(652f) Enantioselective Catalysts Based on Metal-Organic Framework Supported Nucleotides

Artificial metalloenzymes (ArMs) combine the catalytic properties of metal ions with the molecular recognition capabilities of biological molecules. A class of ArMs relies on the chiral environment created by natural or synthetic DNA, and the DNA’s strong affinity for metal ions or metal ion complexes to create enantioselective catalytic sites. DNA-based ArMs have been used for the Diels-Alder reaction, Friedel-Crafts alkylation, Michael addition and other reactions. Efforts to develop ArMs with minimal sequences, recently culminated in the discovery that complexes as simple and compact as those between nucleotides (e.g., adenosine triphosphate (ATP)) and Cu(II) ions can be active homogeneous catalysts exhibiting enantioselectivity in Diels-Alder reactions.
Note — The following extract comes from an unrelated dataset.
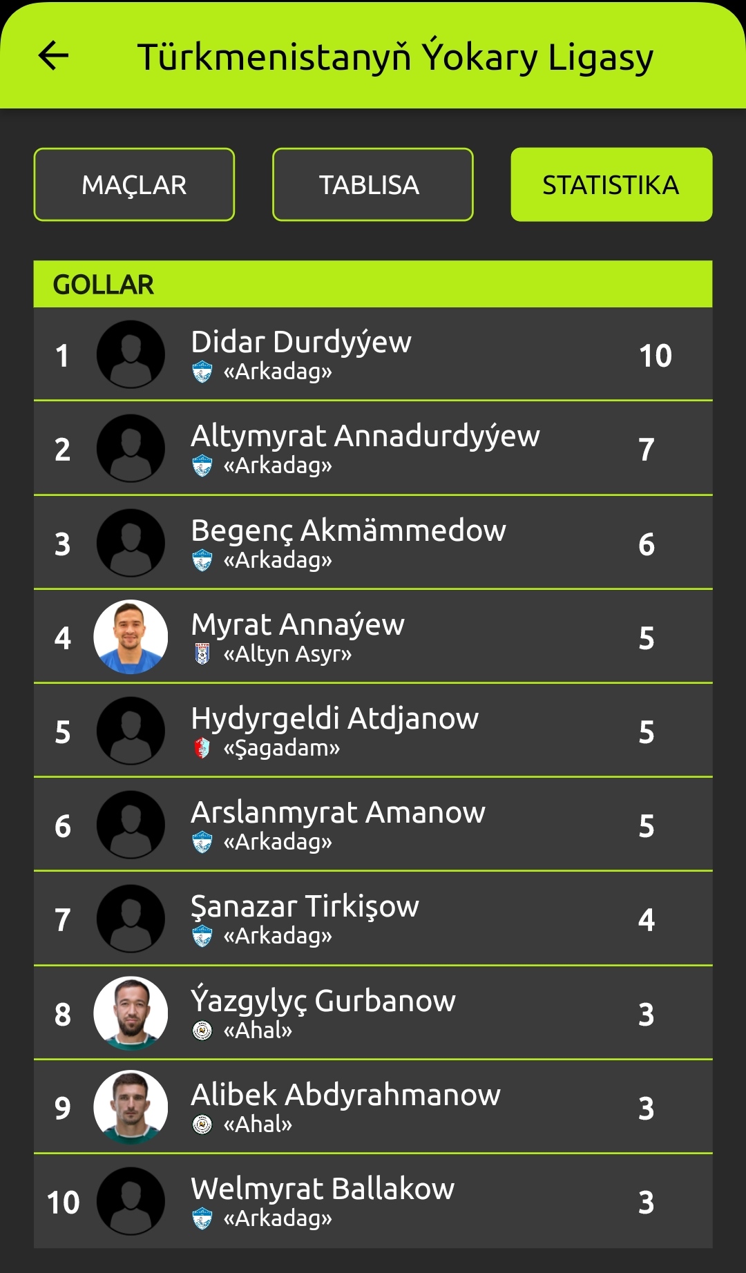 1. Didar Durdyýew («Arkadag») – 10 gol

Although heterogenenized ArMs and enzymes could be more effectively utilized in industrial practice (e.g., in packed bed flow reactors) and could open opportunities for fine-tuning or drastically altering catalytic performance based on confinement effects, facile methods for their preparation remain elusive. Here, it is demonstrated that nucleotides can be supported on nanoporous materials to create enantioselective heterogeneous catalysts. We found that ATP and other nucleotides can be bound to the metal-organic framework (MOF) MIL-101(Cr) through linkages of the terminal phosphate group with Cr(III) of the framework. In the presence of Cu(II) ions, the MOF-supported nucleotides function as stable, reusable, enantioselective heterogeneous catalysts, which in certain cases outperform the corresponding homogeneous nucleotide-based ArMs. Our results demonstrate a simple adsorption-based method to create a new class of enantioselective heterogeneous catalysts. We anticipate that the catalytic properties of MOF-supported nucleotides can be potentially tuned by systematic variation of the type of base and sugar in natural and synthetic nucleotides, and by selection of the confinement environment in the nanoporous host.